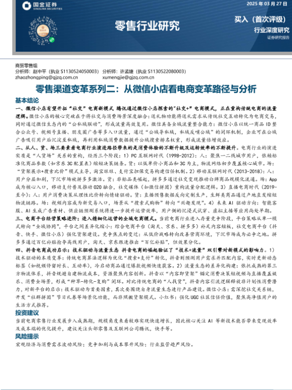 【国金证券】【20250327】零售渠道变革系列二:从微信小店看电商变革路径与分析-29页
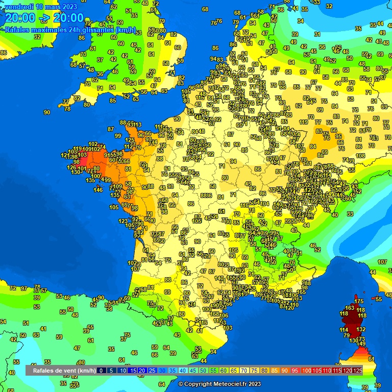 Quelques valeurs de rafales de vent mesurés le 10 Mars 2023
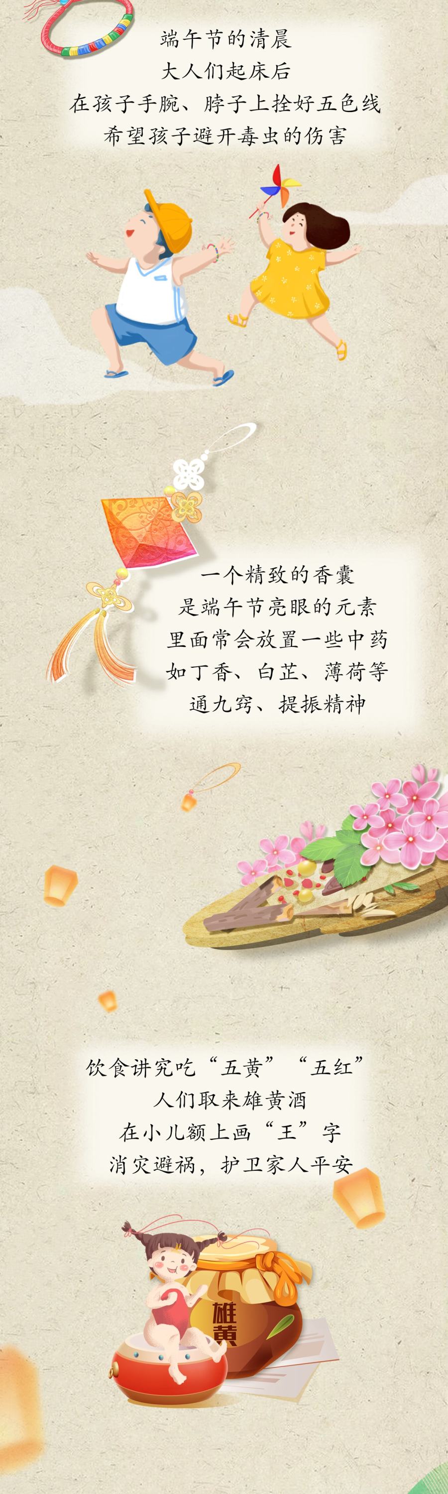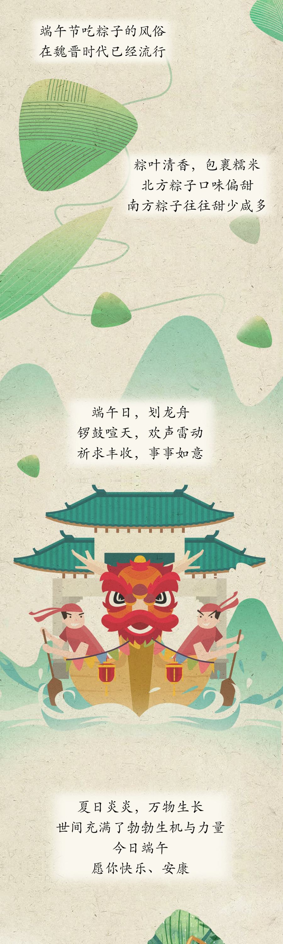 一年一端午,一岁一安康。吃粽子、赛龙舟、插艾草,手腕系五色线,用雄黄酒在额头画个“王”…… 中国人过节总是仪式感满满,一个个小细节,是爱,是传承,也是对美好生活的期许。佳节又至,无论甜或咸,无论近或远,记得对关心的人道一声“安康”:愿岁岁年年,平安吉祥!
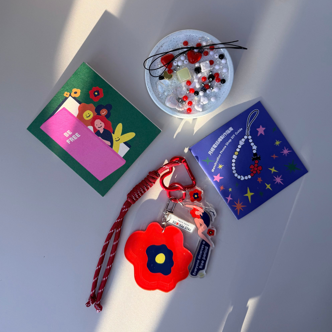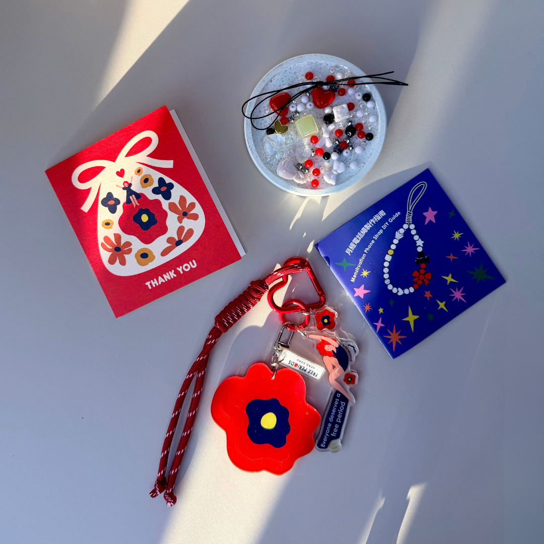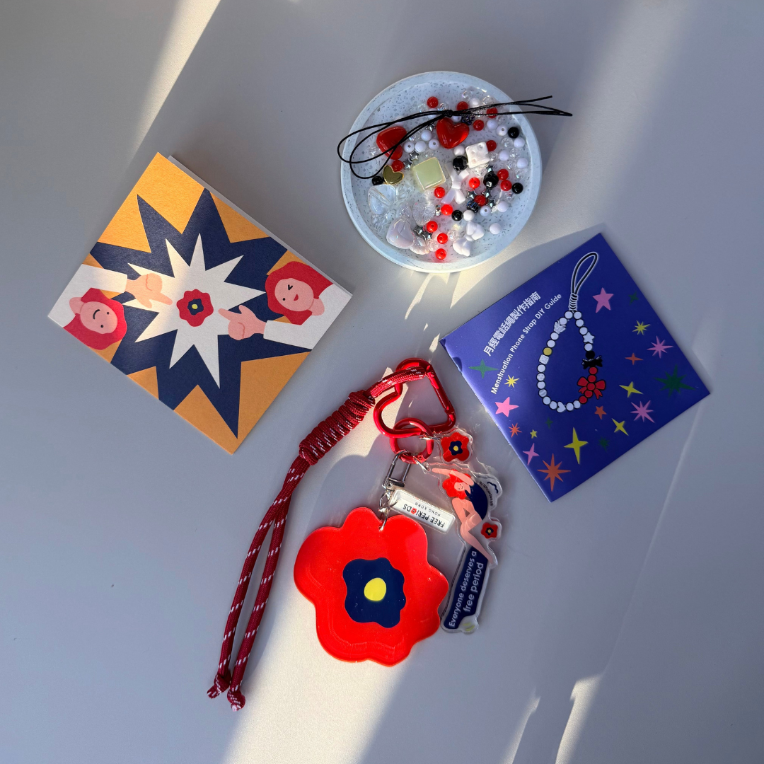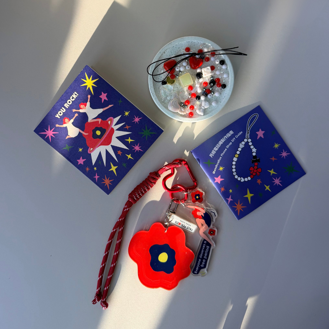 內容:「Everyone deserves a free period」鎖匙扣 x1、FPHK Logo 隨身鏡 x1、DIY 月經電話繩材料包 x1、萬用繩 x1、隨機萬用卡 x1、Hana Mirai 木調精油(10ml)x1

════════

● WHAT YOU WILL DO
Output all of the listing above, exactly as given, but without its pictures.

● YOUR SOLUTION
 【国金证券】【20250327】零售渠道变革系列二:从微信小店看电商变革路径与分析-29页
 Quelques valeurs de rafales de vent mesurés le 10 Mars 2023
 一年一端午,一岁一安康。吃粽子、赛龙舟、插艾草,手腕系五色线,用雄黄酒在额头画个“王”…… 中国人过节总是仪式感满满,一个个小细节,是爱,是传承,也是对美好生活的期许。佳节又至,无论甜或咸,无论近或远,记得对关心的人道一声“安康”:愿岁岁年年,平安吉祥!
 內容:「Everyone deserves a free period」鎖匙扣 x1、FPHK Logo 隨身鏡 x1、DIY 月經電話繩材料包 x1、萬用繩 x1、隨機萬用卡 x1、Hana Mirai 木調精油(10ml)x1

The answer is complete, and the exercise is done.